Sure is, it's called NetHogs and it's open source. Out of the box it doesn't give you fancy plots, but it does feature:
- a 'top' like display, showing programs currently using bandwidth, how much, ordered by consumption (view can be customized)
- Easily log data to a file, which you can use any number of plotting / visualization programs to generate graphs (gnuplot, rrdtool, etc)
- Amazingly easy to use as a library if you know C/C++ (but not necessary)
I made a fork of NetHogs in the gcollector program that I wrote as a proof-of-concept pluggable monitoring system for GlusterFS, since I needed something designed to work just in scripts to sort of supervise how much bandwidth each process was using.

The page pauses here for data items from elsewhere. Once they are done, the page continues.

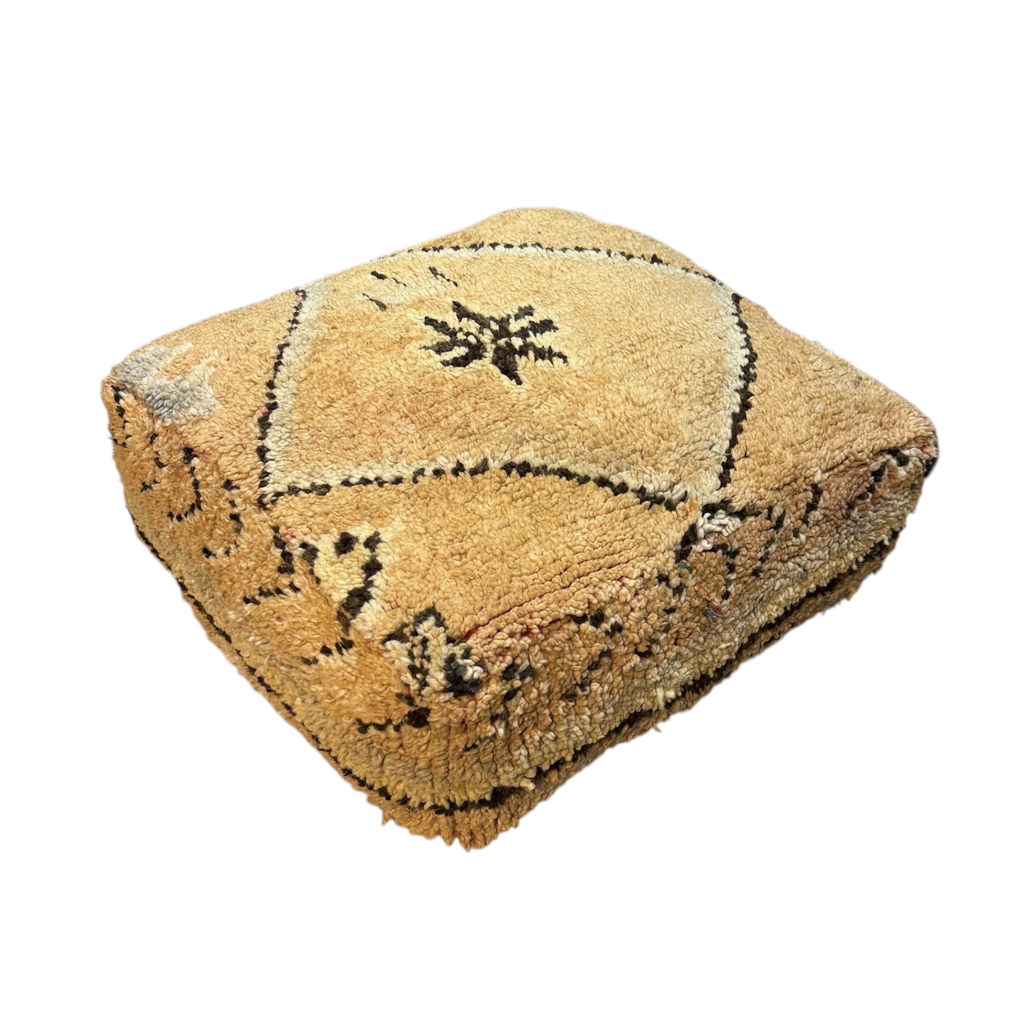 פוף עשוי צמר, נארג בעבודת יד משטיח מרוקאי אותנטי, לישיבה נמוכה או לשדרוג חלל הבית.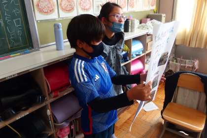 学習発表会の準備、練習を進めている4年生です。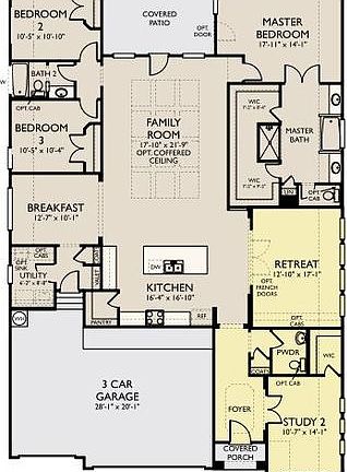 Popular one story plan with a chef's kitchen featuring upgraded cabinets, quartz countertops, built-in oven, gas cooktop, walk-in pantry, and a center island open to the family room. Large sliding glass doors in family room. Luxurious master suite with a private bath including a garden tub, oversized shower, double vanities and a walk-in closet. Spacious retreat area located off the kitchen. Private study. Covered patio on back of home perfect for outdoor relaxation. Three car garage.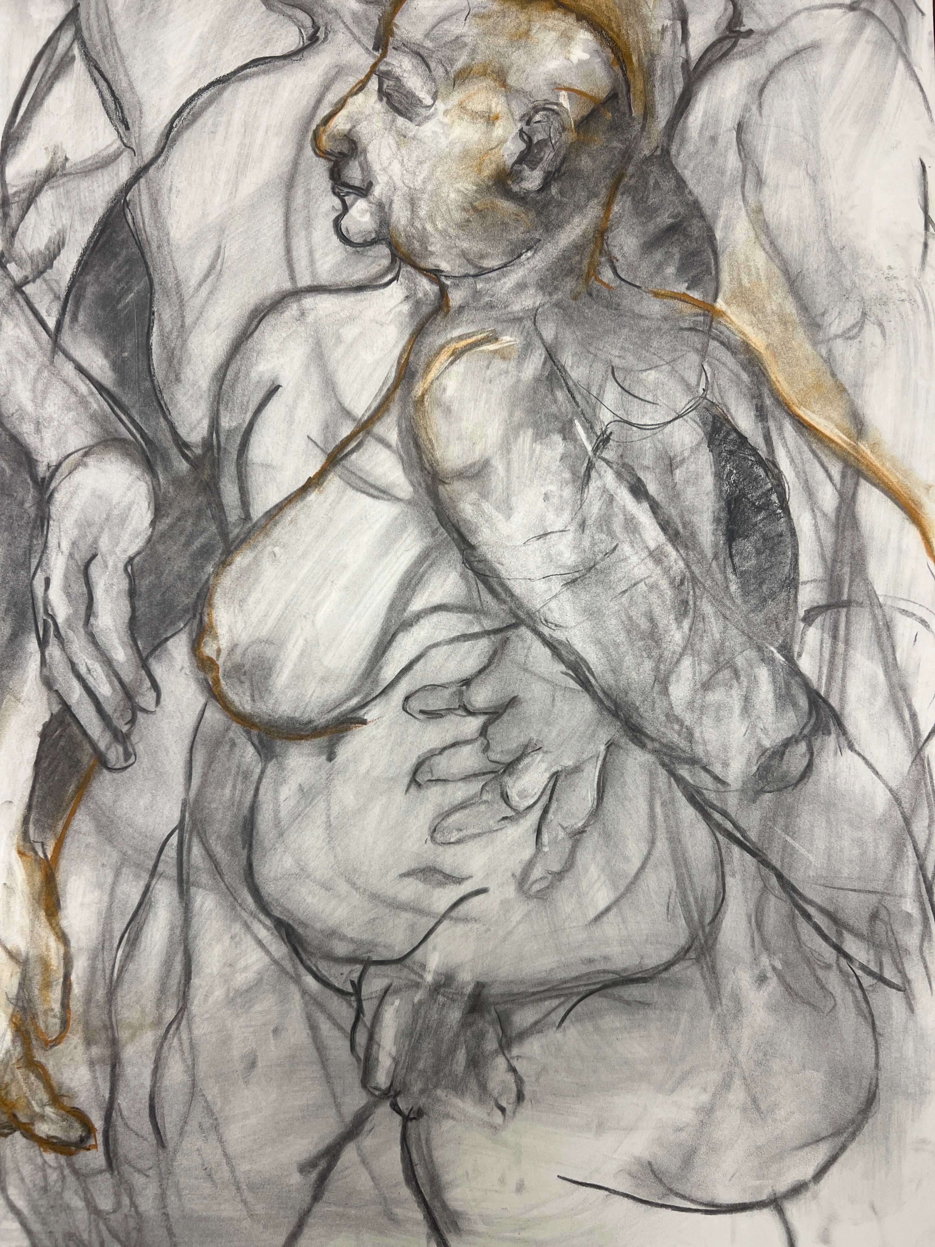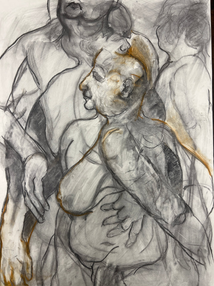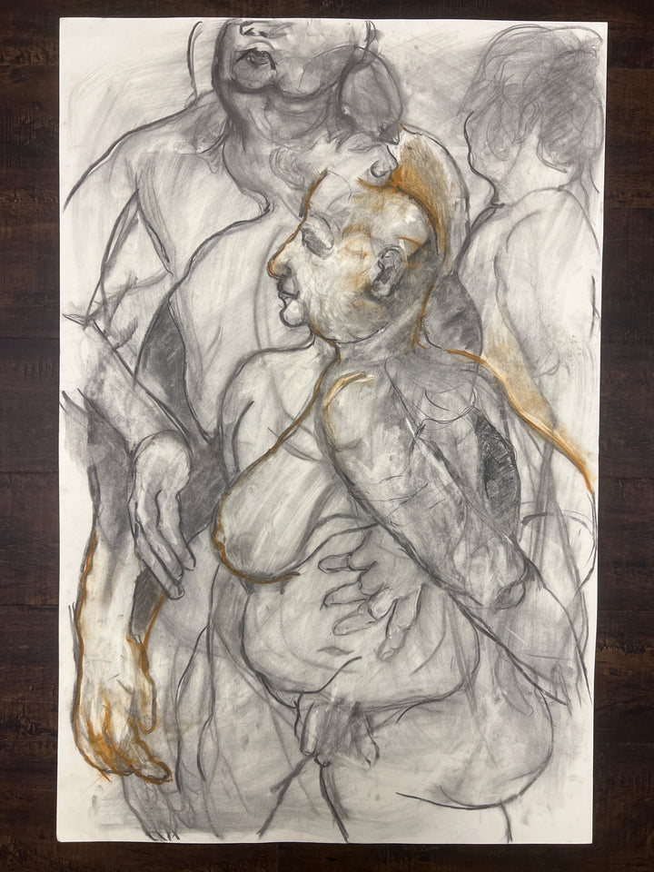 This piece is charcoal and mixed media on paper, unframed. Shipping available.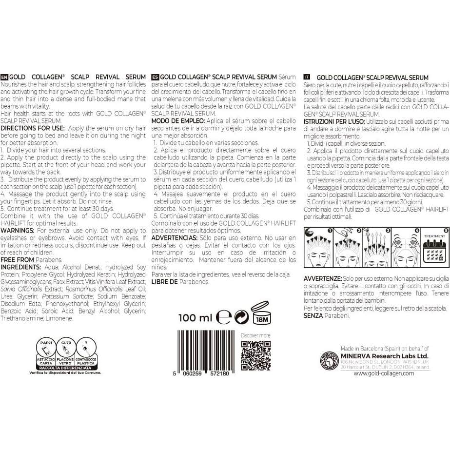 El SÉRUM GOLD COLLAGEN® SCALP REVIVAL actúa desde la raíz, proporcionando los nutrientes esenciales que permiten transformar el cabello fino y frágil en una melena voluminosa y sedosa. Se recomienda consultar a un profesional para un uso adecuado del producto.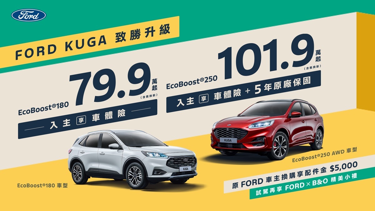 New Ford Kuga尊榮專案好評加碼,本月入主New Ford Kuga享專案價EcoBoost®180車型79.9萬起(含舊換新)、EcoBoost®250 AWD 車型101.9萬起(含舊換新),全車系再贈送丙式車體險,EcoBoost®250 AWD 車型再享五年原廠保固 ,敬請消費者把握機會入主,本月來店試乘指定車款再享Ford x B&O精美小禮。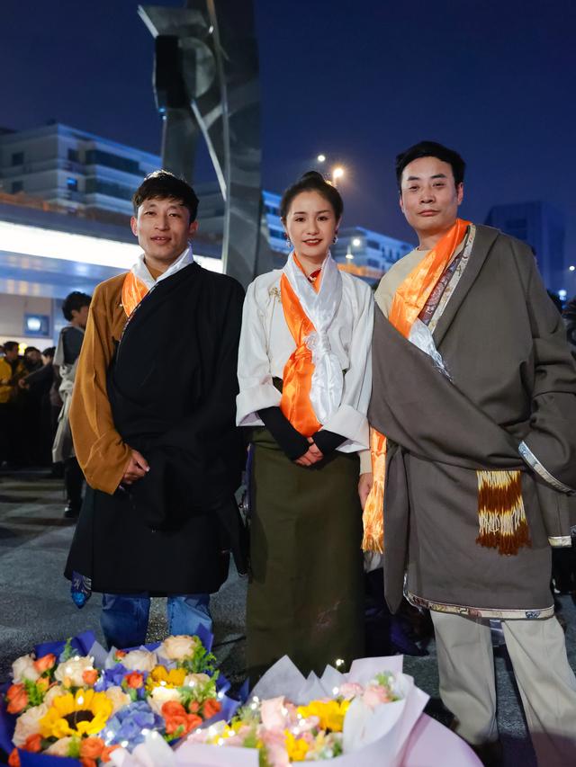 “卓热查姆锅庄团队”创始人——扎西泽仁、雍吉、洛桑日者(从左至右)在成都锦外中心附近的广场上合影(12月23日摄)。新华社记者 沈伯韩 摄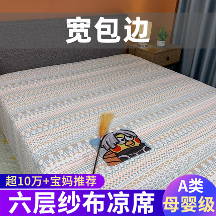 六层纯棉纱布软凉席单人双人学生a类床盖加厚防滑床单6层棉纱炕单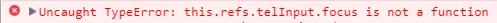 上面的例子中, <TextInput> 可以理解为 HTML 中的 <input> 标签, <JDTouchable> 是点击事件组件。因此,该示例是点击下面的按钮,让上面的输入框主动获得光标, this.refs.telInput 也正是获取到 input 输入框的常规用法,但是!在转成 H5 之后却报错了: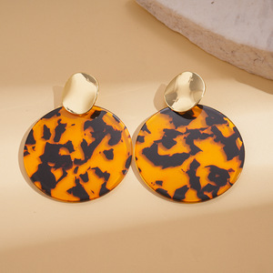 欧美夸张个性亚克力晕染圆形豹纹银针耳环跨境小众高级感复古耳饰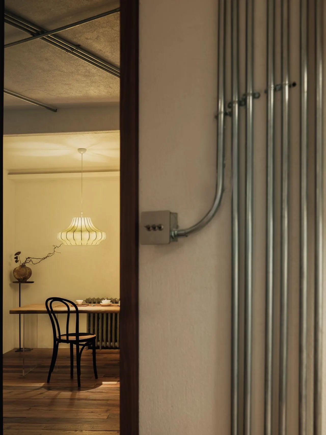 混着石英砂的墙面肌理粗糙,在里外茶室中,电线没有隐藏在墙体中,而是用铁管包裹,暴露出来,在纯白色的墙面上,形成一连串的转折走向,丰富了墙的立面层次。同时,墙面和铁管的冷调又与暖调的木头产生碰撞,空间的颜色和质感变得丰富起来。 -
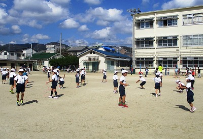 毎月「7」のつく日(休日等の場合はその前後の日)の中間休みに5分間,みんなで運動場に出て縄跳びをします。カードに記録しながら,回数や技に挑戦していきます。1回目の9日(火)は,とっても気持ちのよい青空の下で跳ぶことができました。次は,10月17日(水)の中間休みです。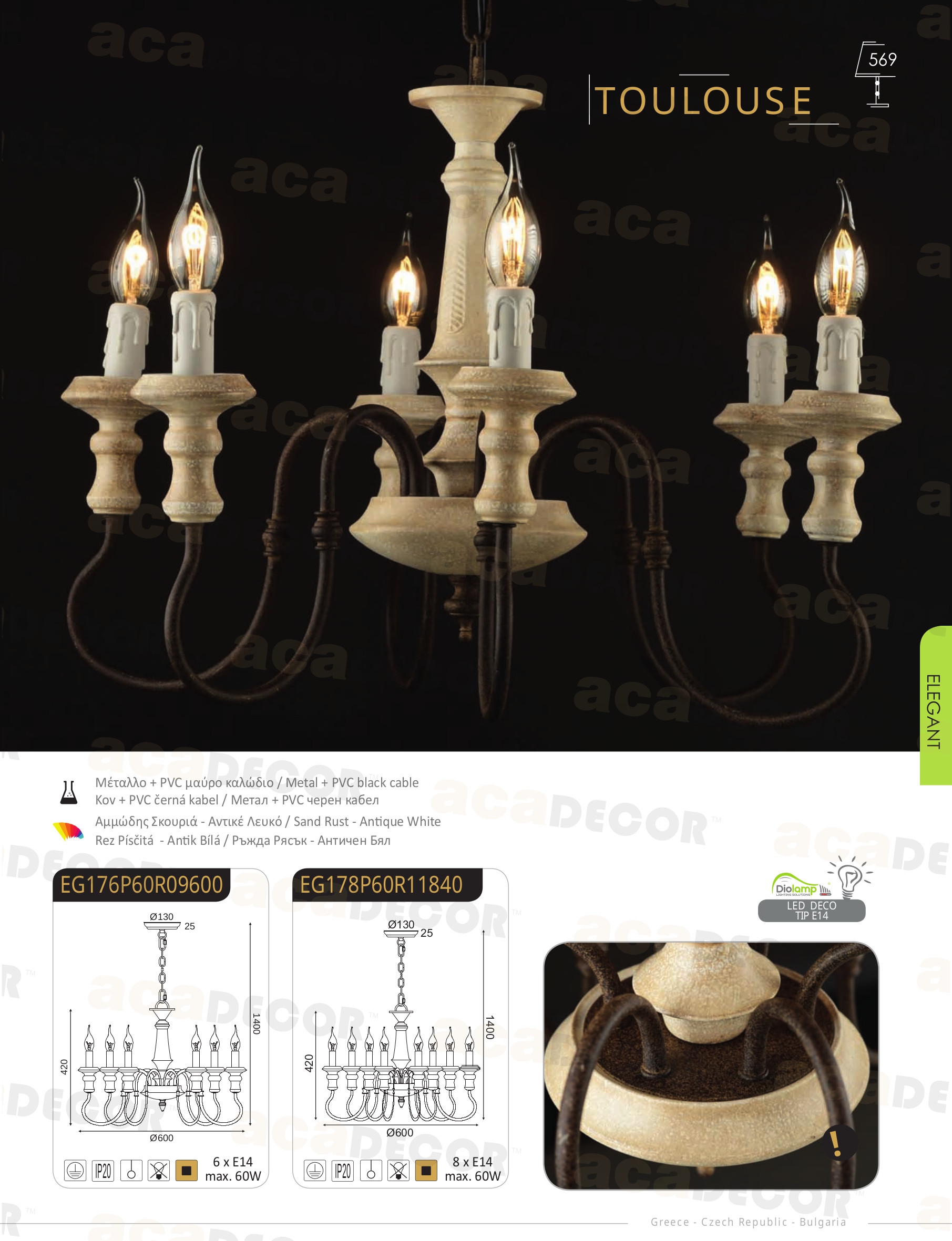 Осветителното тяло EG176P60R ще осигури комфорт и естетика във всяко помещение, в което се постави. Цялостната визия и дизайн на лампата и вложените в изработката й материали, като релефен метал в цвят ръжда, метал в цвят антично бяло, черен PVC кабел, ще допринесат за един неповторим стил. Благодарение на дългогодишния опит, качествените материали и строгия контрол на качеството на изработка на производителя ACA-Lighting (Гърция), EG176P60R е на високо европейско ниво.

But, don't be daunted - out of the box the program is just as easy to use as 'top', and packages are available for it for many popular distributions. If you're an advanced sort of user, then you can really get creative in visualizing what programs eat how much bandwidth at any given time. I've even see folks plug cacti into it, for monitoring per-process consumption on servers.
I believe KDE and GNOME both have several 'gadgets' (used loosely as a universal term) that handle simple monitoring of process bandwidth, but not nearly as comprehensive or flexible as just using NetHogs itself.
Just note, it's tied more to the process than the interface itself, but you can change that around if you need to.